What happened
Lewis Hamilton ran five laps on Thursday morning in Bahrain with a rear wing unlike anything else on the grid. When he activated straight-line mode, the upper element didn't just open flat. It rotated 180 degrees and ended up completely upside down.
Sam Collins, Sky Sports' technical analyst, spotted it on the broadcast and initially thought it was a failure.
It wasn't. When Hamilton braked for Turn 1, the wing flipped back to its normal position.
Ferrari pulled the car in after those five laps and switched to the previous-spec wing for the rest of the day.
Video by: Maximum-Room-3999 / Reddit
Is it legal?
Yes. The FIA's technical director Nikolas Tombazis confirmed to The Race that the design complies with the regulations. The 2026 rules don't limit how far a rear wing can rotate. The only requirement is that the transition between positions happens within 0.4 seconds.
Tombazis added that the FIA has actively encouraged drag-reducing solutions under the new active aero framework.
Will it race?
That's unclear. Fred Vasseur called it a test item and wouldn't commit to a timeline. According to AutoRacer via ScuderiaFans, Ferrari tested several rotation angles at the factory and found the version that flips furthest produced the best results, but reliability isn't there yet.
What the analysts say
Gary Anderson ran his own simulation for The Race. He found the wing in corner mode produces a downforce-to-drag ratio of around 4:1. In straight-line mode with the flip, that drops to roughly 1:1, with a 75% reduction in rear downforce. His full breakdown compares the Ferrari approach to Alpine's collapsing wing and Audi's mid-pivot concept.
Mark Hughes, writing for Formula1.com, explains how the flip wing connects to the broader rear-end package Ferrari has been rolling out. The exhaust vane, the extended diffuser bodywork, and the repositioned differential all work as a system. His piece includes before-and-after comparison photos.
Jake Boxall-Legge at Autosport digs into the specific regulation articles that permit it, particularly the wing curvature rules under Article C3.11.1(e).How rivals reacted
Williams boss James Vowles told The Race the wing came as a surprise, though he noted there were packaging trade-offs. Red Bull and Mercedes were both reportedly taken aback by the telemetry data showing the impact on Ferrari's straight-line speed, according to AutoRacer via SportBible.
Vasseur was relaxed about the attention. "I'm sure that our competitors and everybody on the grid is doing exactly the same," he said. "It's true the last two things we brought on track were visible from outside, but it's not a big difference with the others."
Ferrari flip wing photos and technical comparison images
The Mark Hughes tech analysis for Formula1.com has the best still images available, including a side-by-side of the Ferrari rear end between week one and week two.
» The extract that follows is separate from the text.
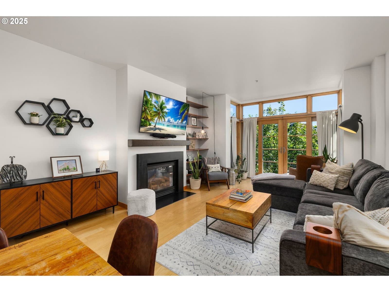 Offering a rare balance of city living and natural serenity, this inviting residence overlooks the tranquil beauty of Tanner Springs Park. The cozy living area features French doors, a gas fireplace, and picturesque park views—creating a warm and welcoming atmosphere.The updated kitchen is thoughtfully designed with modern appliances, a new dishwasher, a wine fridge, and a custom butcher block island, making it ideal for both entertaining and relaxed evenings at home. Both bedrooms include built-in closet organizers for maximum efficiency and storage, while the large primary suite offers a comfortable and cozy retreat.A new washer and dryer are conveniently located within the residence, adding everyday ease and functionality. A newly installed HVAC system—controlled easily via a phone app—ensures year-round comfort throughout the home.The well-maintained building features a serene garden walkway and enhanced security and safety upgrades. Additional amenities include parking space #35, storage unit #45, and EV charging.This home offers a harmonious blend of urban convenience and peaceful living. Please call with any questions or to schedule a private viewing—don’t miss this special opportunity.

It's also the clearest visual breakdown of how the exhaust vane and diffuser extension fit together.
The last time a wing trick caught everyone off guard
The closest precedent for what Ferrari did in Bahrain is probably McLaren's F-duct from 2010. Not in the specifics of how it worked, but in the way it arrived.
McLaren showed up to the opening race in Bahrain that year with a small air intake on top of the chassis that nobody could explain. It turned out to be the inlet for an internal duct system that ran through the cockpit and out to the rear wing.
When the driver covered a hole near the footwell with their knee, it redirected airflow to a slot in the wing, deliberately stalling it and cutting drag on the straights.
The FIA inspected it before the first race and cleared it. Red Bull's Christian Horner joked they called it "the f'ing duct."
Within months, nearly every team on the grid had their own version. Some required drivers to take a hand off the steering wheel to activate them.
It was banned for 2011 on safety and cost grounds, but the FIA clearly liked the underlying idea. DRS arrived the following year as the official, regulated version of what McLaren had invented through a loophole.
Autosport has a detailed retrospective on how the F-duct worked and evolved through the season, and PlanetF1 published a good explainer covering how each team adapted the concept differently.
The pattern is the same one playing out now: a team reads a regulation that everyone else took at face value, finds the rules don't actually say what everyone assumed, and builds something that leaves the paddock scrambling.
Whether Ferrari's version ends up in the same category depends on whether it works well enough to race. Five laps in testing is not a verdict.